II – O montante pecuniário da compensação deve ser fixado equitativamente, tendo em atenção as circunstâncias enunciadas no artº 494º do C. Civil.

III – Assim, deve atender-se ao grau de culpabilidade do seu responsável, à sua situação económica e do lesado e às demais circunstâncias do caso, nomeadamente à gravidade do dano, o qual deve operar sob um critério objectivo.

IV – As indemnizações por dano não patrimonial devem ter em conta um conjunto de elementos que vão desde a idade do acidentado às lesões por si sofridas e respectivas sequelas, ao sofrimento que lhe provocaram e às consequências que advieram para a sua vida futura.

V – Tudo isto deve ser analisado de modo equilibrado e equitativo de modo a que não caiamos em indemnizações miserabilistas e desprestigiantes para os tribunais bem em indemnizações que por tão excessivas não tenham correspondência com a realidade e correspondam, por isso, a um enriquecimento ilegítimo.

VI – O valor de € 25.000,00 mostra justo, equitativo e capaz de reparar/mitigar o sofrimento de um jovem de 22 anos (á data do acidente) que sofreu lesões numa perna e num ombro, que sofreu dores nos três meses subsequentes ao acidente, período no qual foi operado por duas vezes e sujeito a fisioterapia, tendo ficado com sequelas que o impedem, em definitivo, de exercer a sua anterior profissão de militar contrado.
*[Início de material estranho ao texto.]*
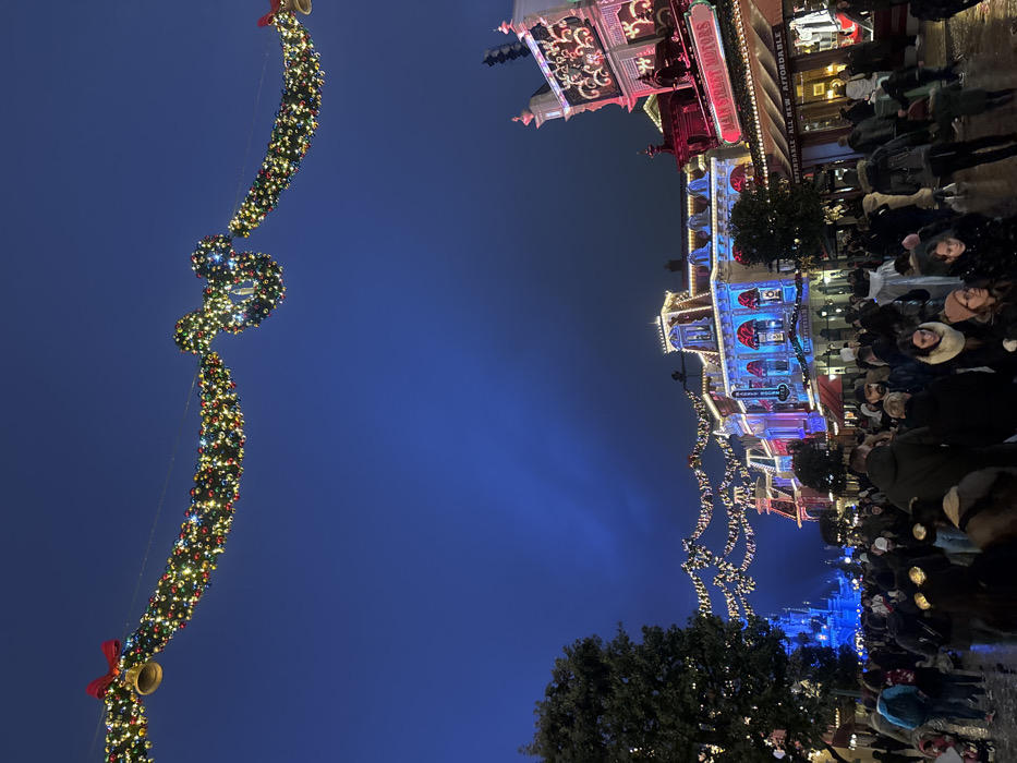 A nighttime shot displays a vibrant scene. On the right, a densely packed crowd of people appears, with illuminated buildings rising behind them. The buildings, decorated in red and blue hues, are adorned with intricate architectural details. To the left, a garland festooned with lights hangs in the air, curving in an "S" shape, with a decorative bell at its lower end. The sky above is a deep shade of blue.

Decisão Texto Integral: Acordam os Juízes que compõem o Tribunal da Relação de Coimbra.

1.Relatório

O autor A... veio propor a presente acção de processo ordinário a correr, primitivamente, termos sob o nº 698/2002 no 2º Juízo do extinto Tribunal Judicial de Comarca de Albergaria-a-Velha (actualmente, com o nº 1/09.3T2AND contra as rés B..., S.A. e Companhia de Seguros C..., S.A. pedindo a condenação destas no pagamento da quantia indemnizatória de €484.432,58 acrescida de juros de mora vincendos á taxa legal até efectivo e integral pagamento e no pagamento das importâncias que se vierem a liquidar ulteriormente a título de dano futuro.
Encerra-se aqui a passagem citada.